> WORK INSTRUCTION
Your response to the data below should hold nothing except the lines from the one containing "Zawór bezpieczeństwa włoskiej" down to the one containing "- Voldoende opbergruimte: deze", reproduced exactly and without pictures.

> MATERIAL FOR THIS TASK

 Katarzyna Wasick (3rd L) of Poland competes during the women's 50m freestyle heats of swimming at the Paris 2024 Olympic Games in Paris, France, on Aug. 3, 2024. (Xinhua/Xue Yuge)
==
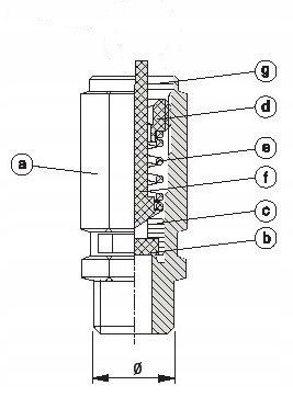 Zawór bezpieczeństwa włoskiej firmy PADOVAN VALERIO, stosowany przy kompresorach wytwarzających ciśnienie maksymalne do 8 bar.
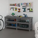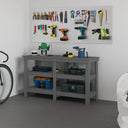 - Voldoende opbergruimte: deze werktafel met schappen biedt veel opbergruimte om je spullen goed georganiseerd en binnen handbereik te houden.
...
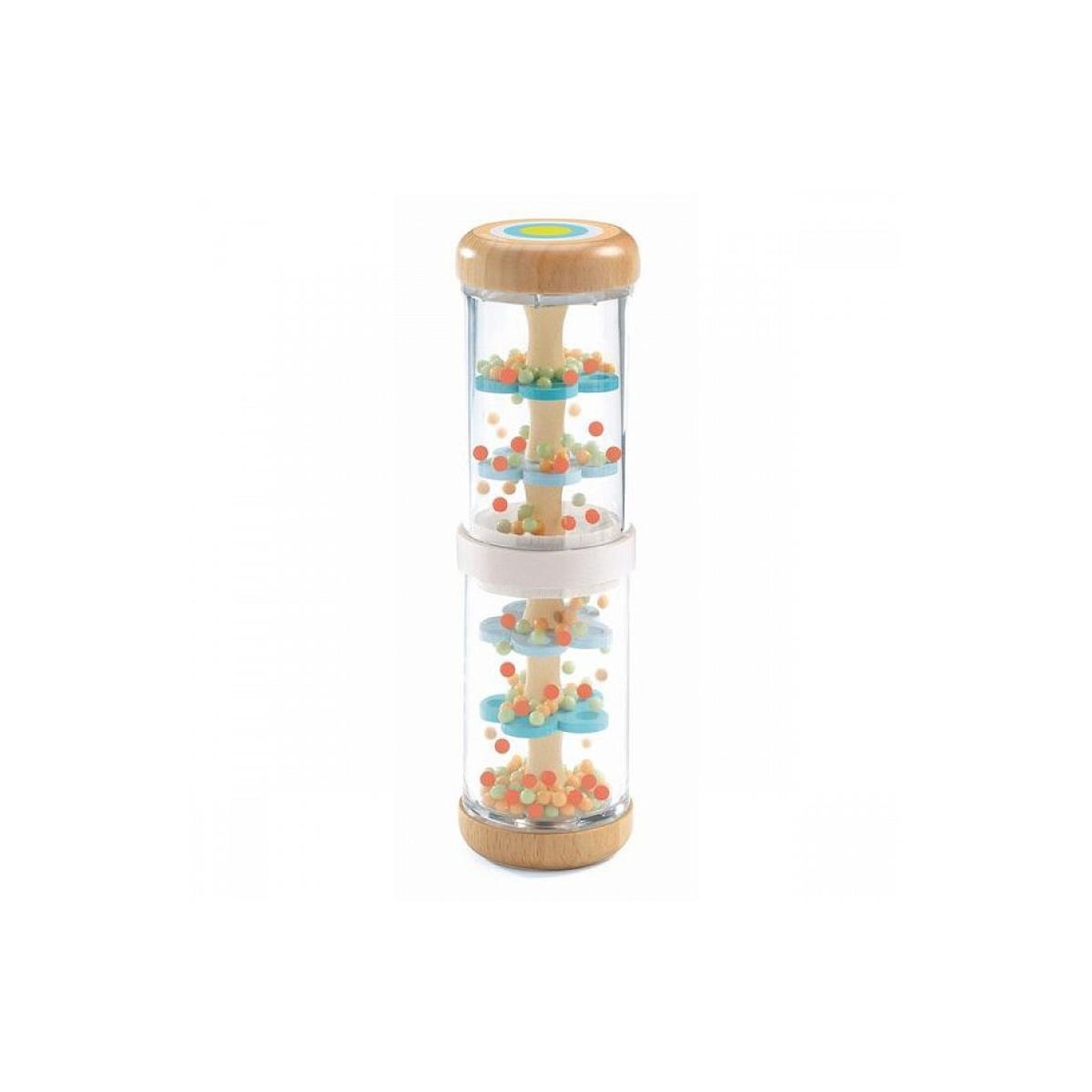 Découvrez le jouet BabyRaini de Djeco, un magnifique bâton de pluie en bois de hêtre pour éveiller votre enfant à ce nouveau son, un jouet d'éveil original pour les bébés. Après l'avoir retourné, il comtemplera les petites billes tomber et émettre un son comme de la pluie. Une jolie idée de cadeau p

> RESPONSE BOX
 Zawór bezpieczeństwa włoskiej firmy PADOVAN VALERIO, stosowany przy kompresorach wytwarzających ciśnienie maksymalne do 8 bar.
 - Voldoende opbergruimte: deze werktafel met schappen biedt veel opbergruimte om je spullen goed georganiseerd en binnen handbereik te houden.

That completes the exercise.